Equations 7 and 8 provide the maximum proportion for the backup and exchange option to utilize capacity. Equation 7 requires that the amount of capacity backup be limited to a certain ratio. Since the backup uses the capacity of one fab to support another, to be without limitation would be unfeasible for preventing depletion of the capacity of a fab. Capacity backup usually transfers tools between the fabs to change capacities, and the limitation signifies that only part of these tools can be transferred to support other fabs.
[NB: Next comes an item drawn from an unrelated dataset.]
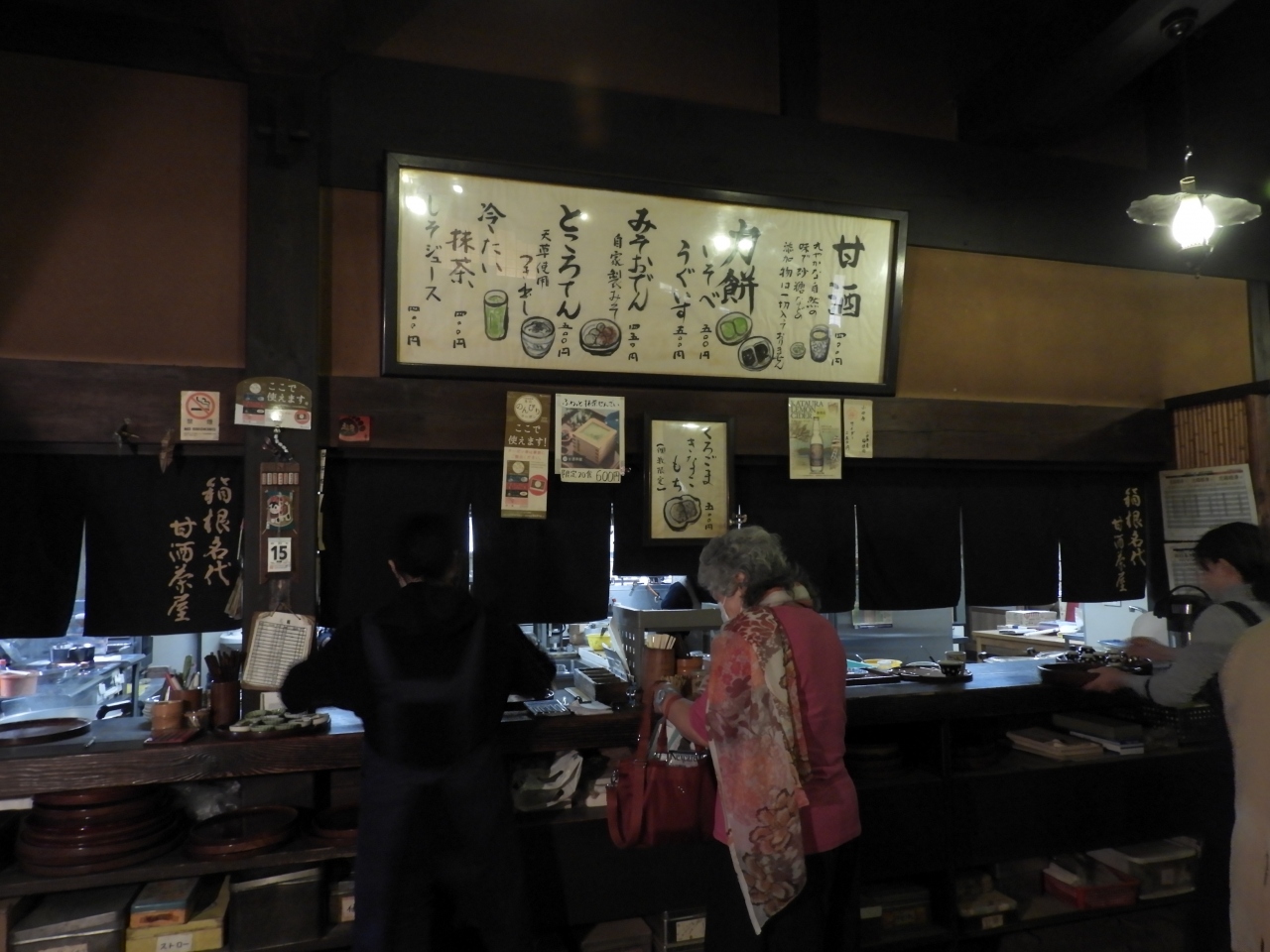 ここは、何度も通過していて初めて寄りました。中に入ると暗いので目が慣れるまで時間がかかります。目が慣れると囲炉裏が見えてきます。暗いのはその昔、囲炉裏で炊いた煙でいぶされた為なのでしょう。お客さんも結構いました。甘酒と田楽を頂きました。甘酒は甘味料を使ってないそうです。

Equation 8 also limits capacity exchange decisions, to prevent exhausting the capacity of one technology to sustain another.

Equation 9 restricts the total production volume to less than the available capacity after capacity backup and exchange. It ensures that the production volume remains in the range achievable by fabs, while product allocation and capacity backup approaches.
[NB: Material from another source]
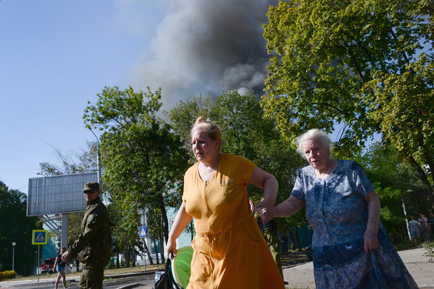 Women rush across the street after shelling in the town of Donetsk, eastern Ukraine, on Aug. 27, 2014. Russia, which denies involvement in a conflict that’s claimed more than 2,000 lives, faces more sanctions if the escalation of fighting continues, according to French President Francois Hollande and German Chancellor Angela Merkel. “Russia can’t at the same time aspire to be an accepted power of the 21st century and not respect the rules,” Hollande said at an annual meeting of French ambassadors in Paris today. Merkel said yesterday that further penalties may be needed “to give added political weight to our demands.” Jen Psaki, the U.S. State Department spokeswoman, cited the reports of fresh fighting, telling reporters in Washington that “these incursions indicate a Russian-directed counteroffensive is likely under way in Donetsk and Luhansk.” Putin’s spokesman, Dmitry Peskov, said yesterday “this information doesn’t correspond with reality.” Today, Peskov declined to comment on Ukrainian claims of an invasion or rebel statements about Russian soldiers joining the war. War VacationThe prime minister of the self-proclaimed Donetsk People’s Republic, Alexander Zakharchenko, said “many” retired Russian military personnel are in the region to fight alongside rebel forces, seeing it as their “duty.” There are also “many” active-duty Russian soldiers who choose to join the fight when they are on leave, he said on Russian state television.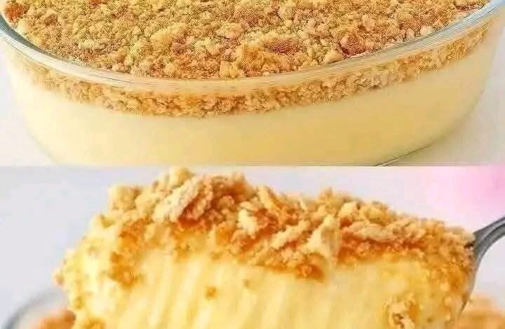 Pour the mixture into a serving dish and sprinkle crushed biscuits evenly on top.

The feasibility constraints (1013) limit the ability of fabs to manufacture products. Equation 10 states that the ability to manufacture existing products in the first period is dependent on the original allocation, and can be altered by product transfer decision. When a transfer occurs, the product is removed from fab j and relocated to fab l (i.e., the masks are moved from fab j to fab l), without involving other fabs. Equations 11 and 12 are the constraints for NTOs. NTO allocation affects the ability to manufacture products, and the ability of fabs to produce them is only after a lead time to qualify, which is equal to the time period required to share products. Equation 13 states that production feasibility remains as constant as the previous period when t is smaller than LT i . The only possibility to alter the feasibility is to transfer the product to another fab.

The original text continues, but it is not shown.